Le moins probable est, hélas, un scénario intelligent, à la scandinave. Il consiste à prendre un an ou dix-huit mois, à débattre publiquement d'un ensemble de propositions pour avoir une vue globale des scénarios, à écouter les suggestions et craintes des uns et des autres. Il suppose de considérer que redistribuer au profit des plus démunis est un impératif du vivre ensemble, de savoir à la fois tenir le cap d'un dessein de plus de justice et d'écouter tout ce qui peut s'y intégrer. Cela suppose de considérer que les "partenaires sociaux" (syndicats, professions organisées, associations), les chercheurs qui travaillent sur le financement des retraites, les effets de vieillissement de nos sociétés ont des choses à dire et proposer. Cela veut donc dire ne pas partir du principe qu'énarques, membres des fondations liés au monde patronal et membres des cabinets ministériels sont les seuls à tout savoir et à penser un bien commun. On aura compris à quel point cela est improbable en France !
Pour autant, en se compromettant sur le sujet, quels risques prendrait le président ? Particulièrement quand l'on sait qu'il perd peu à peu en opinions favorables dans son cœur électoral et que certains de ses soutiens jugent qu'il ne sait pas où il va ?
E. N. : En effet, la couverture de "L'Express" voici huit jours montrait un Macron prisonnier d'un bloc de glace pour suggérer son impuissance et son immobilisme… ce qui est sans doute un peu simplet si on procède à une énumération des réformes passées en deux ans. Le "En même temps" Macronien a tendu dans les mois récents à s'accompagner d'un glissement à droite et par là à susciter plus d'attentes de la part de soutiens situés de ce côté, plus d'impatience devant ce que certains ont perçu comme trop de concessions à des demandes des Gilets Jaunes. À court terme, cette situation n'est cependant pas très alarmante pour l'exécutif.
Emprunter le fonds de commerce du Rassemblement national tout en faisant valoir la menace du fascisme, la nouvelle stratégie gouvernementale selon Erik Neveu
D'une part parce que – si les formes d'action des Gilets Jaunes peuvent être très clivantes – il est difficile, même à droite, de prendre position frontalement contre des mesures qui se donneraient comme des réponses à la misère sociale, au désir de participation. Mais c'est surtout la force persistante du Rassemblement National qui est pour Macron une merveilleuse police d'assurances. On voit l'exécutif, non sans cynisme, jouer dans l'immédiat d'un discours qui sollicite les peurs de l'immigration et de l'islam, la dernière expression en étant la dénonciation d'une "anomalie statistique" devant la hausse du nombre de demandes d'asile par M. Castaner, peut être lui-même une "anomalie ministérielle".

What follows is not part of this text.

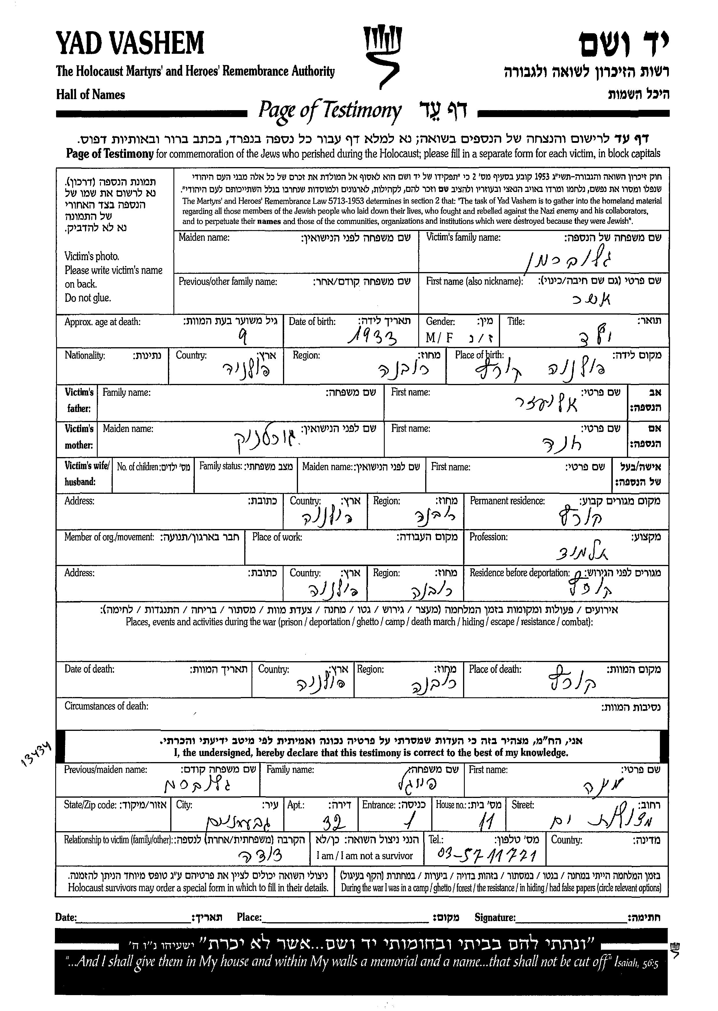 Asher wurde in der Schoah ermordet. Todesort: Korzec, Polen.

Nul doute qu'à mesure de ce que l'échéance présidentielle se rapprochera, ce discours se complétera, "en même temps", d'un autre discours, républicain et antifasciste celui-là, appelant à faire bloc derrière le président conte la menace d'un Rassemblement National décrit alors comme liberticide, après qu'on ait emprunté à son fonds de commerce. Et dans l'état de décomposition des "Républicains" on voit mal quelle droite parlementaire pourrait trouver un espace pour exister face au président.